WHAT TO PRODUCE: The entries below contain pictures, which are to be left out; write out exactly, and only, the lines from the line with "SSc-ILD診断時、患者さ" up to and including the line with "白色头发, 一只眼睛缠着绷带, 黑色过膝袜".

DATA RECORDS:

--------------------------------------------------

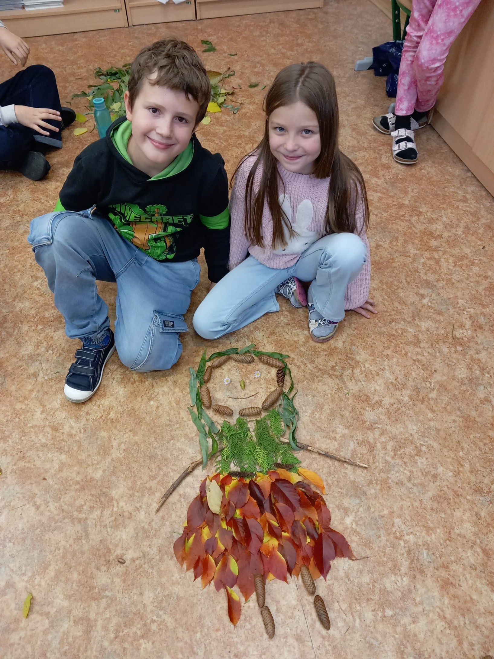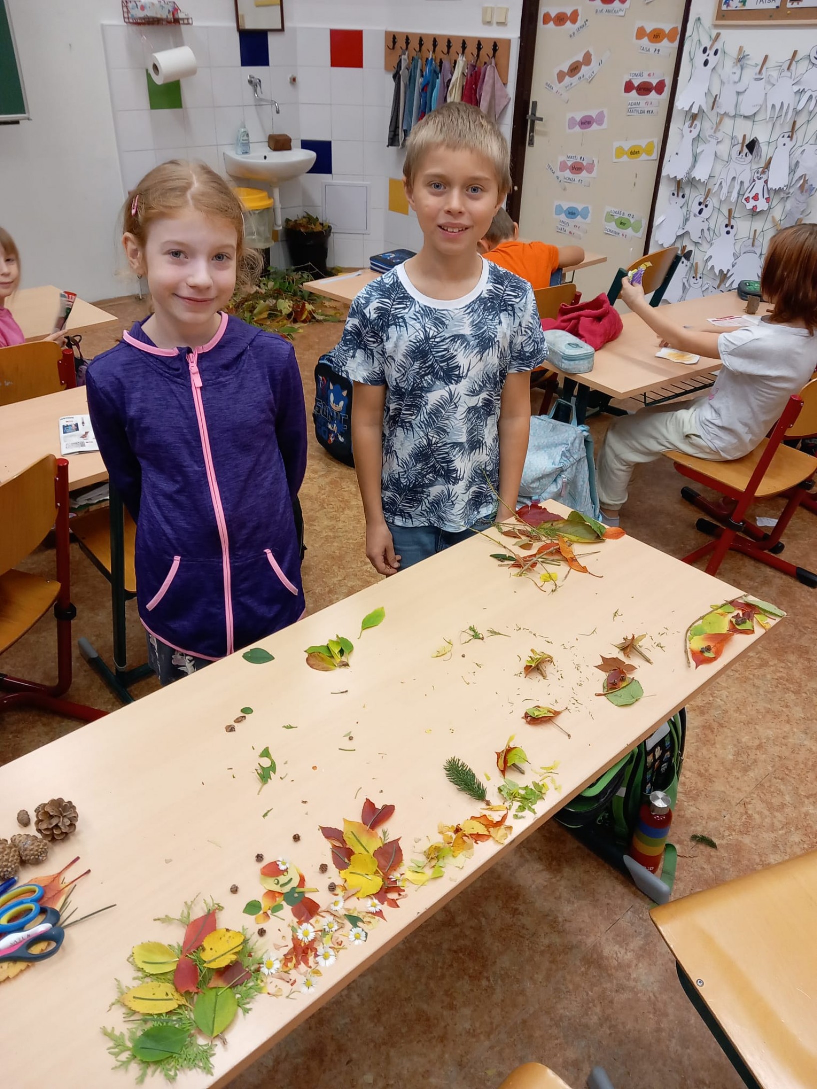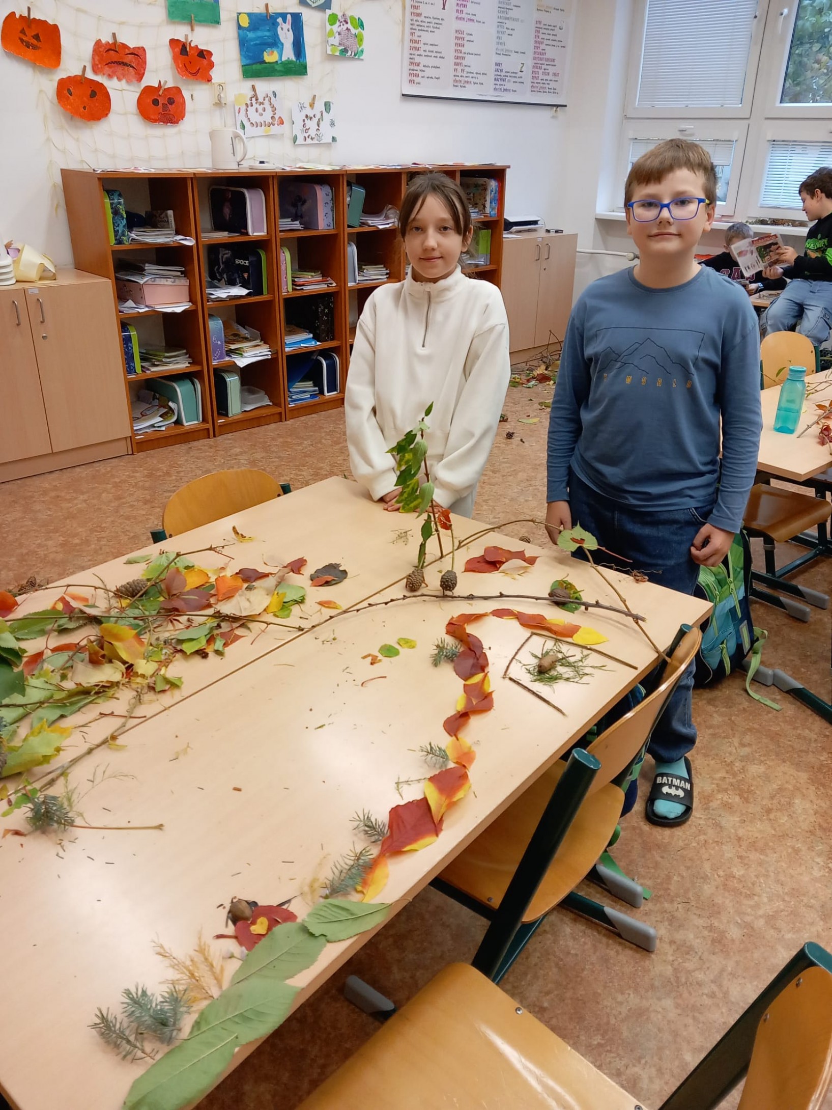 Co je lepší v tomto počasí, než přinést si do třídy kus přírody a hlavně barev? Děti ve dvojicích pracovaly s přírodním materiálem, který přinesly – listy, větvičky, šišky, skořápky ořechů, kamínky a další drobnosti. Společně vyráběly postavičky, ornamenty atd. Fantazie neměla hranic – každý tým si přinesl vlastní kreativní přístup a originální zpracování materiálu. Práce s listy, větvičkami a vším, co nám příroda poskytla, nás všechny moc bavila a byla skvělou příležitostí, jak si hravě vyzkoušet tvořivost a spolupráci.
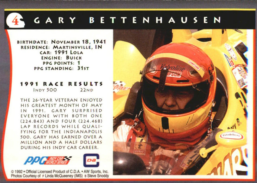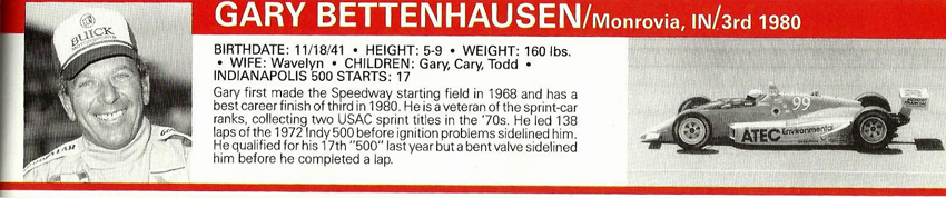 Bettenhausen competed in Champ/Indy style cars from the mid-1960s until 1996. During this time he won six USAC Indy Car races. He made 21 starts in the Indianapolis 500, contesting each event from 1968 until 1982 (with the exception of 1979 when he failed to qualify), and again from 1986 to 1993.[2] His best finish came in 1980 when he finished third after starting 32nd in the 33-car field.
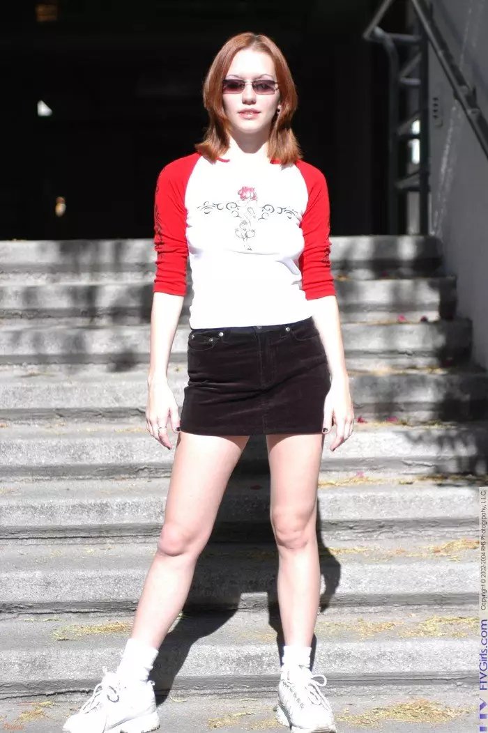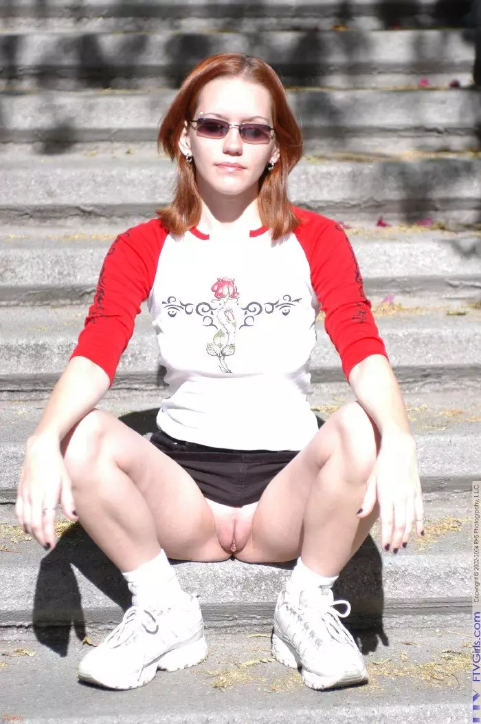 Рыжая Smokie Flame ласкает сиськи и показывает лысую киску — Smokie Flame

--------------------------------------------------

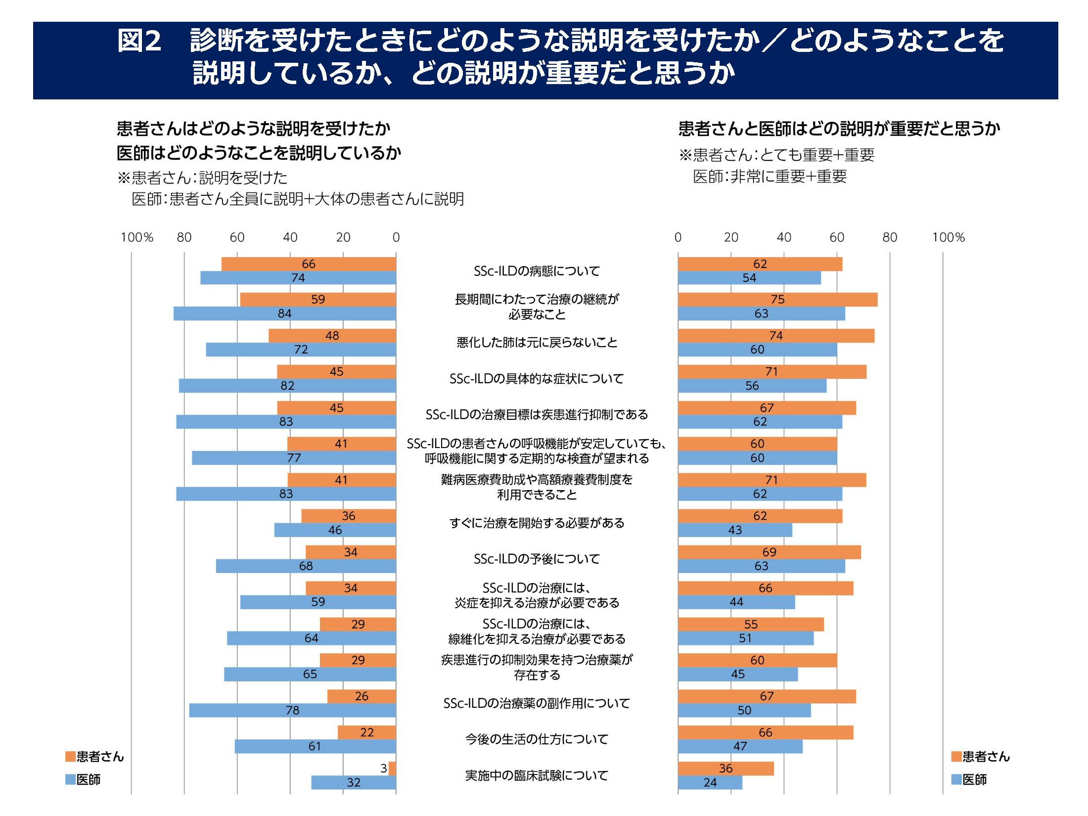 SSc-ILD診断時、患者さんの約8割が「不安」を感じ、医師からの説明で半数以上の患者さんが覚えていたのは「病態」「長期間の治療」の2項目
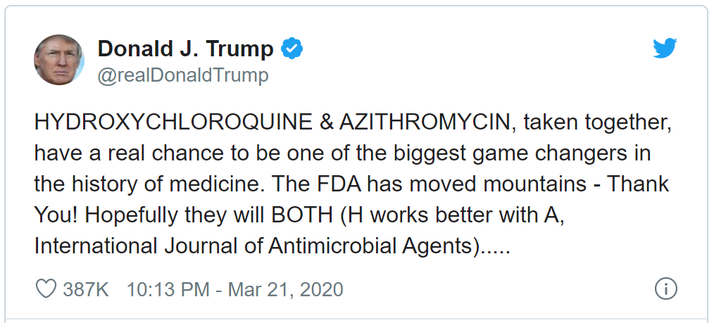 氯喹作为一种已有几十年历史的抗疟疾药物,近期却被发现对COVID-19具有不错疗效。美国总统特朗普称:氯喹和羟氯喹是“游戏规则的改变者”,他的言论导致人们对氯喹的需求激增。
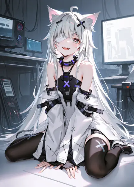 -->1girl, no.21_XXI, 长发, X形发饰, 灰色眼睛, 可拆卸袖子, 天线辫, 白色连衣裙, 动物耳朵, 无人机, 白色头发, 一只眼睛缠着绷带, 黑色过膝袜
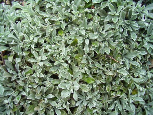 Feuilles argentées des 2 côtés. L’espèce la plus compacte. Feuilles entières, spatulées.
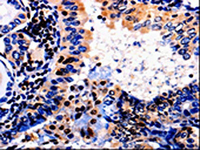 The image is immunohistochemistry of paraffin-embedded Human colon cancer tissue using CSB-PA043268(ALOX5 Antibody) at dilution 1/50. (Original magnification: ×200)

--------------------------------------------------

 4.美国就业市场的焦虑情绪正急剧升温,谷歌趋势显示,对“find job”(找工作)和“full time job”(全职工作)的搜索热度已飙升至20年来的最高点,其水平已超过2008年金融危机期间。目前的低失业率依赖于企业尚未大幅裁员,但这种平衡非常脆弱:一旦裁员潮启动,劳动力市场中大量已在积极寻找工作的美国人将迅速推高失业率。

--------------------------------------------------

WRITTEN SOLUTION:
 SSc-ILD診断時、患者さんの約8割が「不安」を感じ、医師からの説明で半数以上の患者さんが覚えていたのは「病態」「長期間の治療」の2項目
 氯喹作为一种已有几十年历史的抗疟疾药物,近期却被发现对COVID-19具有不错疗效。美国总统特朗普称:氯喹和羟氯喹是“游戏规则的改变者”,他的言论导致人们对氯喹的需求激增。
 -->1girl, no.21_XXI, 长发, X形发饰, 灰色眼睛, 可拆卸袖子, 天线辫, 白色连衣裙, 动物耳朵, 无人机, 白色头发, 一只眼睛缠着绷带, 黑色过膝袜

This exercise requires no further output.